1. S’auto protéger et s’auto diriger
Tout adulte est en principe capable de deux attitudes complémentaires : se
prémunir contre ce qui pourrait attenter à sa santé physique ou mentale, et choisir
ses orientations de manière cohérente avec ses choix personnels. La première de
ces deux attitudes correspond à la capacité de s’auto protéger et elle relève de
l’intériorisation des fonctions maternelles - qui peuvent dans la réalité être
accomplies par un homme autant que par une femme. La seconde correspond à la
capacité de s’auto diriger et relève plutôt de l’intériorisation des fonctions paternelles
- qui peuvent dans la réalité être accomplies par une femme autant que par un
homme.
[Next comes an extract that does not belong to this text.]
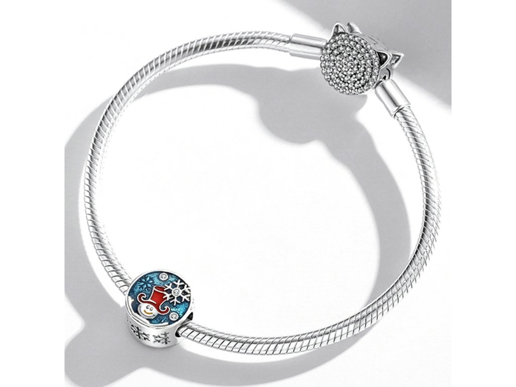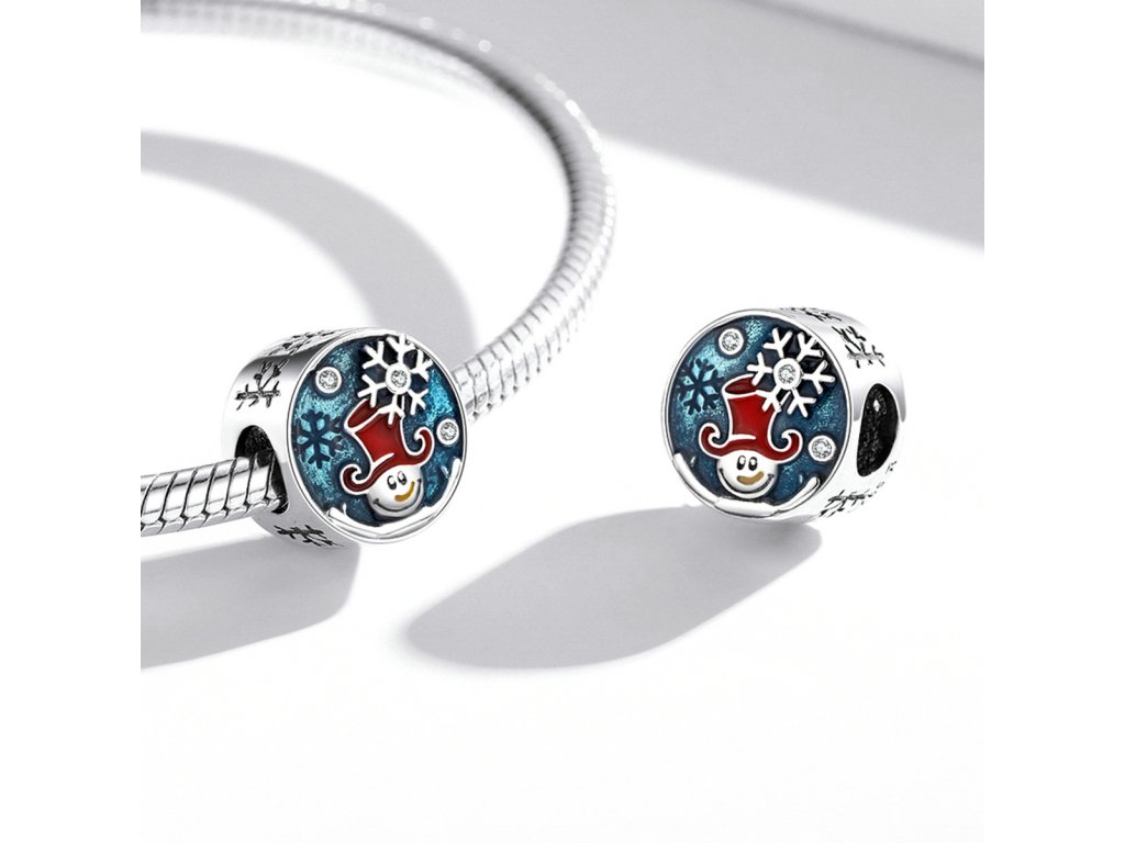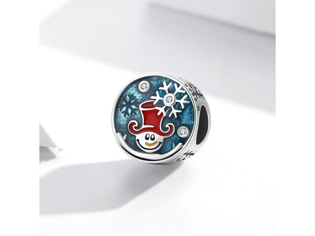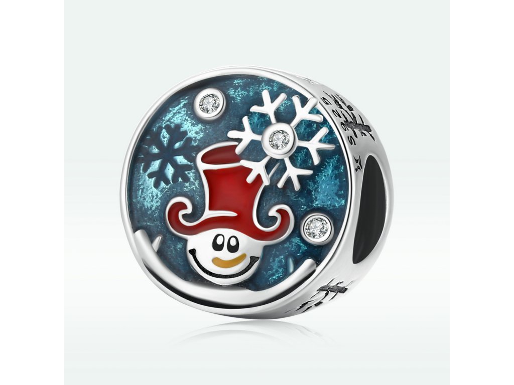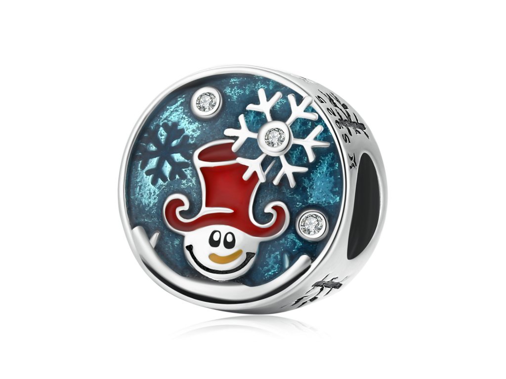 - Strieborný prívesok v dizajne roztomilého snehuliaka s červenou čiapkou. Prívesok je zdobený ručne nanášanou farebnou glazúrou, čírymi trblietavými zirkónmi a smaltovanými vločkami po celom svojom obvode. Originálny design prívesku, kvalitné spracovanie a materiál, ručne dohotovené.

Sans la possibilité de s’auto protéger et de s’auto diriger, il n’y a pas de
liberté possible. Ces deux fonctions sont non seulement complémentaires, mais
aussi fortement intriquées : dans le fait de s’auto diriger, il y a évidemment la
2
capacité de ne pas se mettre en danger ; et inversement, l’autoprotection contient
une part d’auto orientation.
L’enfant n’est capable ni de l’un ni de l’autre, c’est pourquoi il doit être protégé
et guidé. Mais n’oublions pas que ces deux objectifs sont subordonnés à un
troisième : l’autonomie. L’éducation consiste à aider l’enfant à grandir. C’est cet
objectif qui doit primer sur tous les autres. En éducation, le but est moins de protéger
l’enfant que de lui apprendre à se protéger lui-même, et il est moins de le diriger que
de lui permettre de s’orienter lui-même plus tard dans les diverses circonstances de
la vie. Bien sûr, chez les plus jeunes, c’est l’acte de protéger qui domine, mais plus
l’enfant grandit et plus il est important de lui expliquer en quoi ce qui lui est demandé
relève d’orientations qu’il sera amené à développer ensuite seul. La protection
devient explicative. Elle permet à l’enfant d’intérioriser le sens des interdictions qu’on
lui oppose et des conseils qu’on lui donne. Il passe ainsi peu à peu d’un monde où la
protection domine à un autre où il s’oriente et se protége lui-même.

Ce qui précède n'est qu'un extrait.